Neuer UN-Bericht bestätigt, dass Israel ein „Apartheid“-Staat ist und ruft zu BDS auf

Erklärung des nationalen palästinensischen BDS-Ausschusses (BNC)
16. März 2017

Der nationale palästinensische BDS-Ausschuss (BNC), die größte Koalition in der palästinensischen Gesellschaft, hat den Bericht, der heute von der UN-Wirtschafts- und Sozialkommission für Westasien (ESCWA) veröffentlicht wurde, als „historischen Durchbruch“ begrüßt.
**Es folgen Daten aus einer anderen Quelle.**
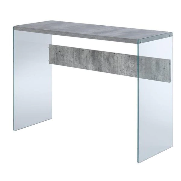 FeaturesGet in the orbit of the soho console table that is perfect for any modern spaceComplementing the broad faux birch finish top surface that makes a perfect landing spot for your pictures. vases. or other knick knacksThe tempered glass sides catches the eye and makes this piece a sparkling addition to your living roomPerfect for behind your sofa or along any wall of your home this is a great addition to any home's decorSpecificationsFinish: Faux Birch / GlassType: Console TableDimension: 30 x 15.75 x 44 in.Weight: 44 lbs

In dem Bericht wird zweifelsfrei nachgewiesen, dass Israel über das ganze palästinensische Volk ein System der Apartheid verhängt hat.

Der ESCWA-Bericht fordert BDS-Maßnahmen, um Israels Apartheid-Regime zu beenden.

Die globale BDS-Bewegung für die Rechte der Palästinenser*innen, die vom BNC geführt wird, hat Israel unablässig als ein Regime von „Besatzung, Siedlerkolonialismus und Apartheid“ gegen alle Palästinenser*innen beschrieben.

Ingrid Jaradat, Mitglied des internationalen Sekretariats des BNC, begrüßte den ESCWA-Bericht als einen „historischen Durchbruch“ und fügte hinzu
„Das ist das erste UN-Gremium, das zweifelsfrei beweist, dass sich Israel des Verbrechens der Apartheid gegen das palästinensische Volk schuldig macht, was die Erkenntnisse der BDS-Bewegung seit 2005 bestätigt. In Anbetracht der Tatsache, dass Apartheid im Völkerrecht das zweit schwerwiegendste Verbrechen gegen die Menschlichkeit ist – nach dem Verbrechen des Völkermords – wird diese tabubrechende Feststellung der ESCWA Argumente für weltweite Sanktionen gegen Israel untermauern.“

Die BDS-Bewegung ist in den letzten Jahren in eindrücklicher Weise gewachsen. Sie zwang Großkonzerne wie Veolia, Orange und G4S, den israelischen Markt zu verlassen, und große Pensionskassen Kapital aus Banken und Unternehmen abzuziehen, die an israelischen Menschenrechtsverletzungen beteiligt sind. Auch die Isolation Israels im akademischen und kulturellen Bereich nimmt zu.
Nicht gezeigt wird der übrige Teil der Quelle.